Unaudited pro forma basic and diluted net loss per share is computed using the weighted-average number of common shares outstanding after giving effect to the pro forma effect of the conversion of all Preferred Stock and accumulated dividends on March 31, 2014 into shares of the Company's common stock as if these conversions occurred at the beginning of the period, or their original issuance date, if later. Unaudited pro forma basic and diluted earnings, calculated using the if-converted method, excludes accretion of Preferred Stock and earnings attributable to participating preferred holders. The conversion of the Company's Preferred Stock and issuance of accrued accumulated dividends upon the conversion of the Company's common stock will have the effect of significantly reducing its loss per share, resulting in a lack of comparability in the per share amounts for historical periods.

Reverse Stock Split — On April 24, 2014, the Company effected a reverse stock split of the Company's common stock at a ratio of one-for-2.28 of all of the outstanding shares of common stock. The number of authorized shares of the Company's common stock and the par value did not change. Pursuant to the stock split, every 2.28 shares of the Company's issued and outstanding common stock were automatically combined into one issued and outstanding share of the Company's common stock. All shares and per share amounts in the condensed financial statements and accompanying notes have been retroactively adjusted to give effect to the reverse stock split.

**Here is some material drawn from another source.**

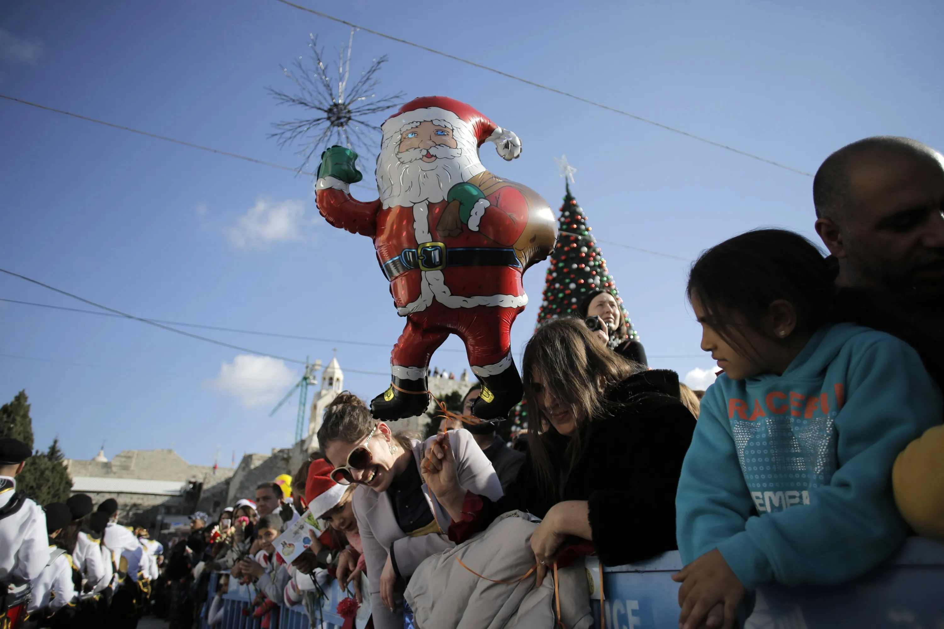 People watch Christmas celebrations outside the Church of the Nativity, the site revered by Christians as Jesus' birthplace, in the West Bank town of Bethlehem December 24, 2014. (Photo by Ammar Awad/Reuters)

Recently Adopted Accounting Standards — In July 2013, the Financial Accounting Standards Board ("FASB") issued Accounting Standards Update No. 2013-11, Presentation of an Unrecognized Tax Benefit When a Net Operating Loss Carryforward, a Similar Tax Loss, or a Tax Credit Carryforward Exists ("ASU 2013-11"). ASU 2013-11 clarifies guidance and eliminates diversity in practice on the presentation of unrecognized tax benefits when a net operating loss carryforward, a similar tax loss, or a tax credit carryforward exists at the reporting date. The amendments under ASU 2013-11 were effective for interim and annual fiscal periods beginning after December 15, 2013, with early adoption permitted. The Company adopted ASU 2013-11 on January 1, 2014. Its adoption did not have a material impact on the Company's results of operations, financial position, or cash flows.

In December 2013, the FASB issued Accounting Standards Update No. 2013-12, Definition of a Public Business Entity ("ASU 2013-12"). ASU 2013-12 amends the Master Glossary of the FASB Accounting Standards Codification to include one definition of public business entity for future use in GAAP. ASU 2013-12 does not affect existing requirements but will be used in considering the scope of new financial guidance and will identify whether the guidance does or does not apply to public business entities. The Company adopted ASU 2013-12 on January 1, 2014. Its adoption did not have a material impact on the Company's results of operations, financial position or cash flows.